I try not to think about Kai. I fail. I fail so fucking hard.

This place feels like him—old, dangerous, steeped in something feral that doesn’t care about legality or ceremony.

I can almost see him standing in the shadows, his hands in his pockets, his mouth curved in that knowing, lethal half-smile, watching Noah walk me deeper inside like he’s already decided how many pieces he’s going to cut my fiancé into.

Noah stops in front of a stone altar.

It’s stained.

Not freshly. Not obviously.

But darkened in places where something soaked in and never quite left. Deep, jagged grooves are worn into the edges—fingerprints of the desperate.

“This island believes in ownership,” he says quietly, his eyes going dark and hollow. “Not the kind you sign for. The kind you take. The kind you brand.”

I turn to him sharply, my breath hitching. “Why are you showing me this?”

His gaze drops to my mouth, and for a second, I see the monster behind the suit.

“To remind you,” he says, his voice a low, terrifying rasp, “that marriage isn’t just a contract. It’s a declaration. It’s a hand around the throat.”

His hand slides from my wrist to my waist, fingers spreading, anchoring me there. He pulls me flush against the stone of the altar. It’s ice-cold against my lower back. My body reacts before my mind does—tension flaring, breath hitching in a jagged sob.

I think of Kai’s hands.

Rougher. Meaner. Certain. Hands that would destroy me, but would never try to polish me.

The thought sends a shudder through me that I can’t hide. A spark of heat in this dead place.

Noah notices.

Of course he does. The bastard feels everything.

His eyes narrow just a fraction, a flash of pure, murderous jealousy crossing his face. “You’re distracted. You’re thinking of him.”

“I’m tired,” I say quickly, my voice cracking.

He studies me for a long moment, then he does it.

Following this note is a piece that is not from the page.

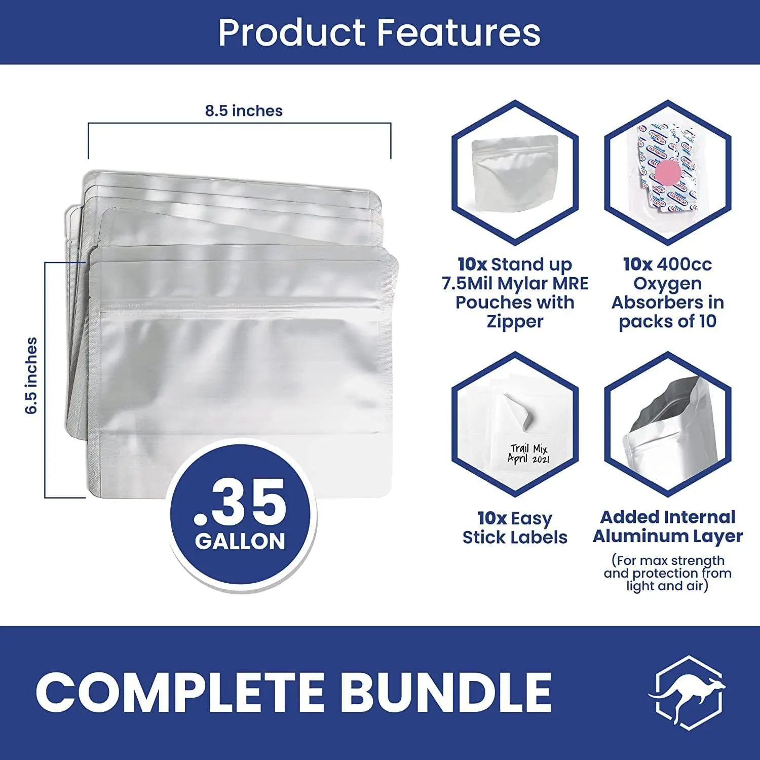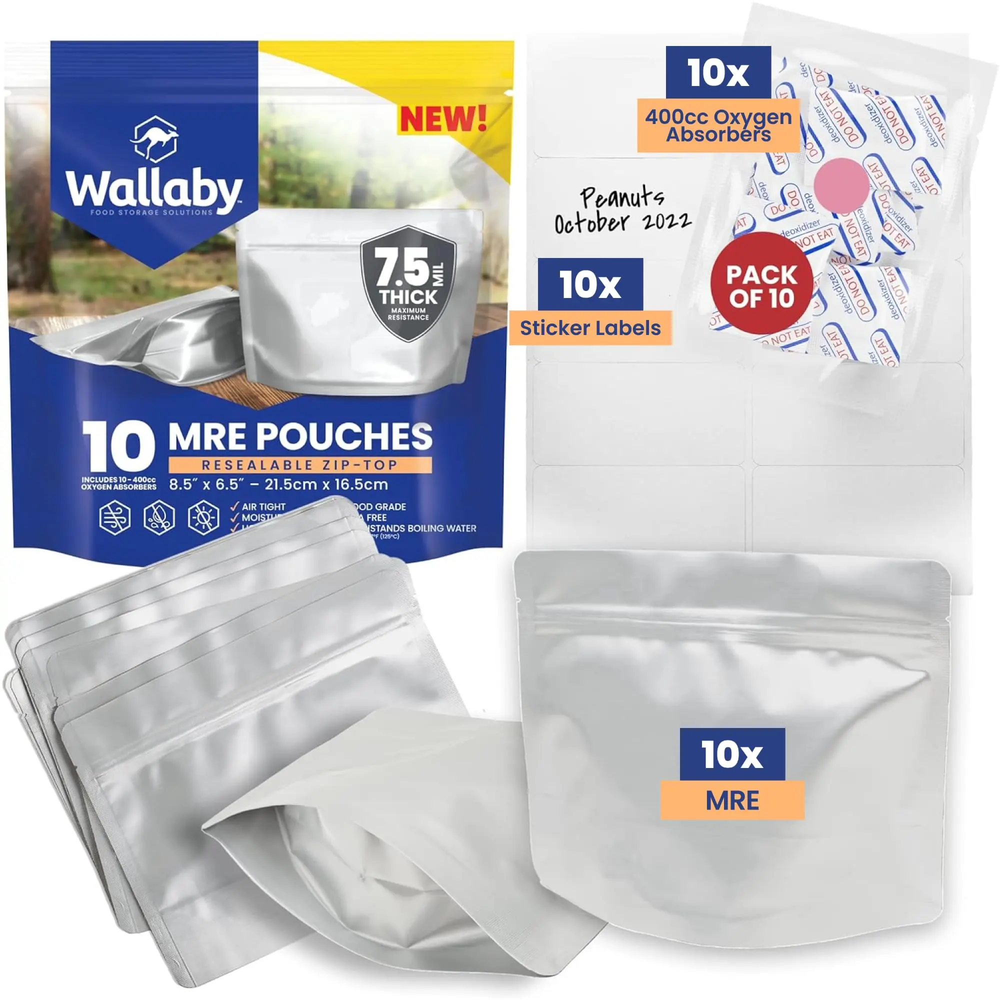 ·HOMEMADE SURVIVAL MEALS - Wallaby MRE bags allow you to assemble and store your own meals ready-to-eat. Avoid unhealthy additives and high costs of pre-packaged MRE or survival food kits and build your own instead. Includes bags and oxygen absorbers.

He pulls the knife he bought at the market from his pocket. The blade catches a sliver of jaundiced light. My heart stops. “Noah, what are you—”

He doesn’t look at me. He grabs my hand, his grip crushing, and before I can scream, he drags the tip of the blade across his own palm. The skin parts with a sickening, wet hiss. Red, hot blood wells up instantly, dripping onto the stone altar.

Then, he presses his bleeding palm against the front of my white silk dress, right over my heart.

“Mine,” he whispers, the word a blood-soaked vow. “By the old laws, Scarlett. You are mine until the earth takes us both. If I can’t have you, no one draws another breath.”

The stain spreads, warm and terrifyingly wet against my skin. I’m paralysed, staring at the red handprint on my chest, the mark of a madman.

“We’ll head back soon,” he says, his voice returning to that chillingly calm, polite tone as he wipes the blade on his trousers. “I just wanted you to understand something.”

“What?” I whisper, my voice barely a thread.

He leans in, his mouth close enough that I feel the heat of his breath, tasting of copper and cold intent.

“This island doesn’t let go of what it claims. And neither do I. If Kai comes for you, I’ll make you watch while I gut him on this very stone.”

The words land heavy and final, like dirt on a coffin.

As we walk back toward the car, the jungle seems louder. Closer. Screaming with the sound of a thousand hidden teeth. I swear I feel eyes on my back, feel the weight of something unseen moving parallel to us, just out of sight. A shadow that belongs to a man who doesn’t believe in altars.

By the time we drive away, my pulse is out of control, a frantic drum in my ears.

I press my forehead to the cool window, watching the trees blur past, and I don’t know which thought terrifies me more—That Noah is showing me exactly how far into the darkness he’s willing to go to keep me.

Or that somewhere in this island’s dark, breathing heart, Kai is watching that blood-stain on my dress… and he’s laughing.